Before someone say this is singling out anyone in particular, it is not.


Any questions?


----------



## J-kid (May 26, 2003)

I for one injoy this forum and believe you are doing a great job.

I understand that you need rules to control the forum and keep it a friendly place to discuss martial arts.

Just dont end up going power crazy.


----------



## Master of Blades (May 26, 2003)

Now thats what I'm talking about! Damn, you guys have an answer for everything!


----------



## D_Brady (May 26, 2003)

Once again thanks for disrupting your time and life just to give us a place to visit.

 I can't imagin what goes on behind the scenes to keep this going again thanks.


----------



## Bob Hubbard (May 26, 2003)

Lots of hair pulling, thrown objects, and shouting. 

We want to make sure that MT is still around a year from now, with most of the same folks on board.  We're going to get a little stricter on enforcement of existing rules.

People are going to do what they are going to do.  We just clairified what is allowed, and how it is allowed.

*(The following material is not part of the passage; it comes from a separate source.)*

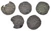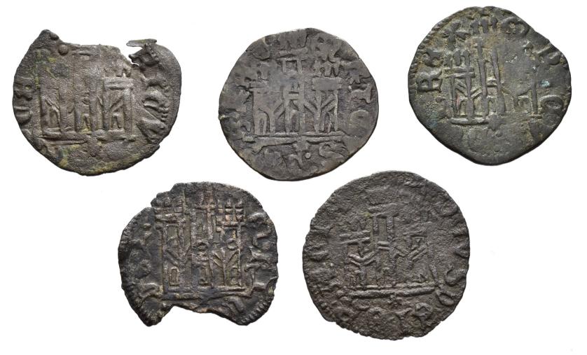REINOS DE CASTILLA Y LEÓN. ENRIQUE III. Lote de 5 cornados, Coruña. Orol-ME.594, 595, 598, 599 y 600. Dos con roturas. BC-/MBC-.

Hopefully, after a brief 'settling in' period, we can relax again.  I myself hate having to 'drop the hammer' on folks.

:asian:


----------



## jukado1 (May 26, 2003)

for those that don't understand the need for some guidelines, go over to adcc and check out their forum board, see if you can find much martial arts of mma fight talk, then see if you can appreaceate what you have.   train hard, train smart.


----------



## Bob Hubbard (May 26, 2003)

1 of the other changes we have done recently, was to require members to disclose, at least to the admins, their full real name and location.

Now, some things can of course not be 100% verified.  However, if you say you are in Hamburg Germany, yet all of your posts come from Boise, Idaho, USA, well....theres a problem there.

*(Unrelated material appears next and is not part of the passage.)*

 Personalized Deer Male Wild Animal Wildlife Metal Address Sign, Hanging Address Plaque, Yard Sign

New signups who fail to fill out the information in full are not validated, and the accounts are removed.  We tried sending a 'You missed something' email, but very few of those people provided the missing information.  So, we placed additional notices into the signup system, and just delete em if they aint complete.

As an example, guy signed up said his name was 'bob' and he was from 'bob'.   Now, I'm sure theres a town somewhere called 'bob', but darned if I know where it is.  Also, I only know of one 'bob' who needs no last name, but I doubt the uber-subgenius would signup here.  So, -delete-. 

We also have been enforcing the 'valid email address' policy, and are actively weeding the members list of abandoned accounts.  Another pruning will occur on July 1st, and notices will be going out to those folks who have not been back this year.  If you haven't visited with the past 6 months, your account will be deleted.  You can always sign up again. 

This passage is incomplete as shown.